Every line from the one with "Mixing textures is" to the final line of the listing below should be repeated exactly, and only those.

⁂

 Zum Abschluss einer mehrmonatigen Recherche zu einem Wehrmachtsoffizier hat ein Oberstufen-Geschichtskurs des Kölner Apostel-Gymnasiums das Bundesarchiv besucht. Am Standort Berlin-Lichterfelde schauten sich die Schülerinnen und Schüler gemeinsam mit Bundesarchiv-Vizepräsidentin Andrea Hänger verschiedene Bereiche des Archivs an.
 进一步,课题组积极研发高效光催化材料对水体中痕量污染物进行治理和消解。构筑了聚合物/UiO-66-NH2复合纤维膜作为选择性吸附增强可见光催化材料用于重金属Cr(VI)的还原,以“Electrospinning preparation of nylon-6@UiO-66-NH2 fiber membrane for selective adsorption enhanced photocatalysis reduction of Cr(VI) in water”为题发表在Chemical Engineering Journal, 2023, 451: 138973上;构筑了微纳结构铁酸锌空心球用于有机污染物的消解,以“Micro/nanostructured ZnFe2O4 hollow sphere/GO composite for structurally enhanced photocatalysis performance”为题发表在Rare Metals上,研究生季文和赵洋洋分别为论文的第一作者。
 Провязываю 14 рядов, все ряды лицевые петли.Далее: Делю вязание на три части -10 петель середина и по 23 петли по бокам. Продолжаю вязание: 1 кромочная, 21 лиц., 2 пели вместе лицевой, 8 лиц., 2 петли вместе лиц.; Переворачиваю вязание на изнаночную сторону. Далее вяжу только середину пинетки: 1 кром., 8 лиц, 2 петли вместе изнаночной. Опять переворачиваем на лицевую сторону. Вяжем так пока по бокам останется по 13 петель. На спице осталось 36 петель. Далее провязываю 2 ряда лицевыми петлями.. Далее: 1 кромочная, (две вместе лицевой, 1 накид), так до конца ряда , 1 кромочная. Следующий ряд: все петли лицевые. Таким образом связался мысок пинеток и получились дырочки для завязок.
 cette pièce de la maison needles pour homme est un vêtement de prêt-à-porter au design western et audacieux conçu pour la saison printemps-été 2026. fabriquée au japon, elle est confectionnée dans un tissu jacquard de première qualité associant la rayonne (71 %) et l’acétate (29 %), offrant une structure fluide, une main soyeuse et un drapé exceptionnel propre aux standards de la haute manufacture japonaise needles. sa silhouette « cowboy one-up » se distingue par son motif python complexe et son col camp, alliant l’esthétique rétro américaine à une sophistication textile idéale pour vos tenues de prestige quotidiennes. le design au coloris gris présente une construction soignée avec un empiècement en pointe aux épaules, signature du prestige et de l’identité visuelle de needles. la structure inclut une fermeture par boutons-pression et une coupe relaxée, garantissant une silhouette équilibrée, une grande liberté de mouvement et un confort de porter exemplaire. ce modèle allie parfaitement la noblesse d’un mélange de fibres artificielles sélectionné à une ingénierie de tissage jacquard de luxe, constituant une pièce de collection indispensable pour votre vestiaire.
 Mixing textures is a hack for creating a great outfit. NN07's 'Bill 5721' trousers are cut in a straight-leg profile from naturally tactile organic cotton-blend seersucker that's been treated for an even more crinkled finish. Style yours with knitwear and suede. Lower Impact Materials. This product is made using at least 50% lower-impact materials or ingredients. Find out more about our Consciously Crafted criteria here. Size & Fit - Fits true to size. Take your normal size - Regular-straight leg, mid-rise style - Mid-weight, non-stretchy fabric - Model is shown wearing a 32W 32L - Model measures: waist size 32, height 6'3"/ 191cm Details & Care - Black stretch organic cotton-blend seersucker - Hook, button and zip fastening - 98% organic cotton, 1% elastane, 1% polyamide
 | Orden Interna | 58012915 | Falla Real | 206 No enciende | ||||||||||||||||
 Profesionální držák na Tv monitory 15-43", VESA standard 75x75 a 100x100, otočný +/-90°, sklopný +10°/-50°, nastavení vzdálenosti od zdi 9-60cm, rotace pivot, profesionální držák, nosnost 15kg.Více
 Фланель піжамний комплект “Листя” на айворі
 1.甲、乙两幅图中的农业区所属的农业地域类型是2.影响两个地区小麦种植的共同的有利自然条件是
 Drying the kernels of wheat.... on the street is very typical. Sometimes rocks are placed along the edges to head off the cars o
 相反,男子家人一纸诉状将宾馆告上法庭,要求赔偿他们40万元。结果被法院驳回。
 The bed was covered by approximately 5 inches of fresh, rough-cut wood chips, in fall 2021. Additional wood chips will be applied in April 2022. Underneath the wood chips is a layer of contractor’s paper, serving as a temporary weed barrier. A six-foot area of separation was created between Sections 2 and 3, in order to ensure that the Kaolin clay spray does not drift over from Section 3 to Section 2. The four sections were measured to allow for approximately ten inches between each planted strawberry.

⁂

**RESPONSE BOX**
 Mixing textures is a hack for creating a great outfit. NN07's 'Bill 5721' trousers are cut in a straight-leg profile from naturally tactile organic cotton-blend seersucker that's been treated for an even more crinkled finish. Style yours with knitwear and suede. Lower Impact Materials. This product is made using at least 50% lower-impact materials or ingredients. Find out more about our Consciously Crafted criteria here. Size & Fit - Fits true to size. Take your normal size - Regular-straight leg, mid-rise style - Mid-weight, non-stretchy fabric - Model is shown wearing a 32W 32L - Model measures: waist size 32, height 6'3"/ 191cm Details & Care - Black stretch organic cotton-blend seersucker - Hook, button and zip fastening - 98% organic cotton, 1% elastane, 1% polyamide
 | Orden Interna | 58012915 | Falla Real | 206 No enciende | ||||||||||||||||
 Profesionální držák na Tv monitory 15-43", VESA standard 75x75 a 100x100, otočný +/-90°, sklopný +10°/-50°, nastavení vzdálenosti od zdi 9-60cm, rotace pivot, profesionální držák, nosnost 15kg.Více
 Фланель піжамний комплект “Листя” на айворі
 1.甲、乙两幅图中的农业区所属的农业地域类型是2.影响两个地区小麦种植的共同的有利自然条件是
 Drying the kernels of wheat.... on the street is very typical. Sometimes rocks are placed along the edges to head off the cars o
 相反,男子家人一纸诉状将宾馆告上法庭,要求赔偿他们40万元。结果被法院驳回。
 The bed was covered by approximately 5 inches of fresh, rough-cut wood chips, in fall 2021. Additional wood chips will be applied in April 2022. Underneath the wood chips is a layer of contractor’s paper, serving as a temporary weed barrier. A six-foot area of separation was created between Sections 2 and 3, in order to ensure that the Kaolin clay spray does not drift over from Section 3 to Section 2. The four sections were measured to allow for approximately ten inches between each planted strawberry.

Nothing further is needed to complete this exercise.